We are satisfied that the work removed is the simplest and easiest part of an interline clerk's work and certainly does not warrant payment of that rate to machine operators, but, as before stated, due to the lack of definite information we are unable to say what, if any, increase should be made in machine operators' rates as a consequence of the change. It is a question rather of quality than quantity of the work so far as they are concerned, and it is one as to which the parties should endeavor to negotiate a rate if the work is to continue to be handled as it now is, which seems to be a reasonable and economical method, and the case will accordingly be remanded to the parties with directions to make a survey of the actual facts in this respect and endeavor to agree upon the matter.

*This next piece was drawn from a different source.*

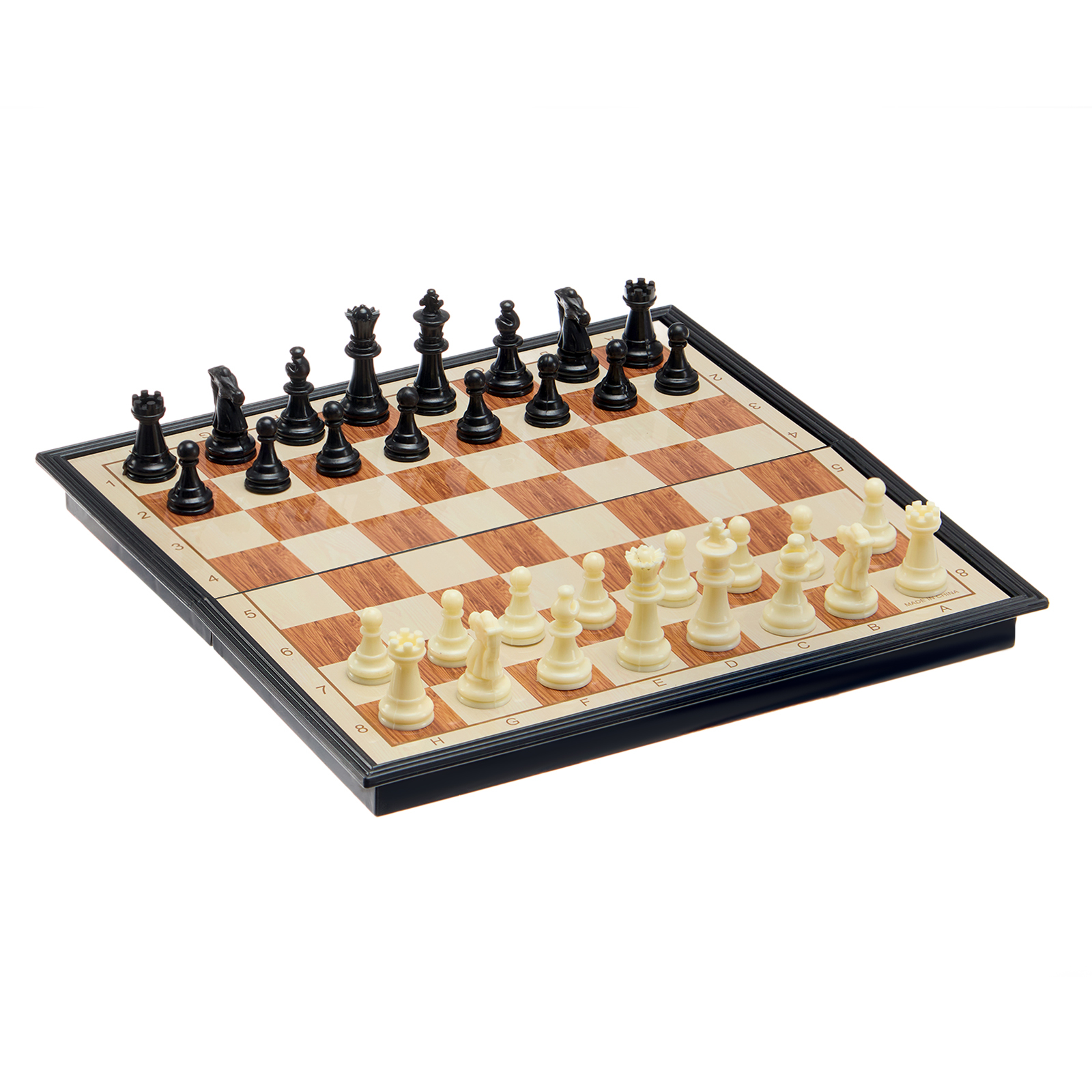 Шахматы настольные магнитные, 24 х 24 см. Размер, см: 24 х 24 Материал: Пластик Вид: Шахматы (доска + фигуры) Особенности: Без особенностей Материал шашек, шахмат: Пластик Материал игральной доски: Пластик  развернуть описание ▼

If agreement cannot be reached it will be necessary, in order to comply with the schedule agreement, to bulletin the disputed phase of the work to the interline seniority, and if the parties cannot agree upon a proper rate and classification the case may be brought back to the Board with more definite information supplied.


FINDINGS: The Third Division of the Adjustment Board, after giving the parties to this dispute due notice of hearing thereon, and upon the whole record and all the evidence, finds and holds:


That the carrier and the employes involved in this dispute are respectively carrier and employes within the meaning of the Railway Labor Act, as approved June 21, 1934;


That this Division of the Adjustment Board has jurisdiction over the dispute involved herein; and


That the removal of the work involved without agreement was contrary to Rule 21, and the case is remanded to the parties for disposition in accordance with the Opinion.


                  AWARD


Case remanded.

            NATIONAL RAILROAD ADJUSTMENT BOARD

            By Order of Third Division


        ATTEST: H. A. Johnson Secretary


        Dated at Chicago, Illinois, this 18th day of November, 1938.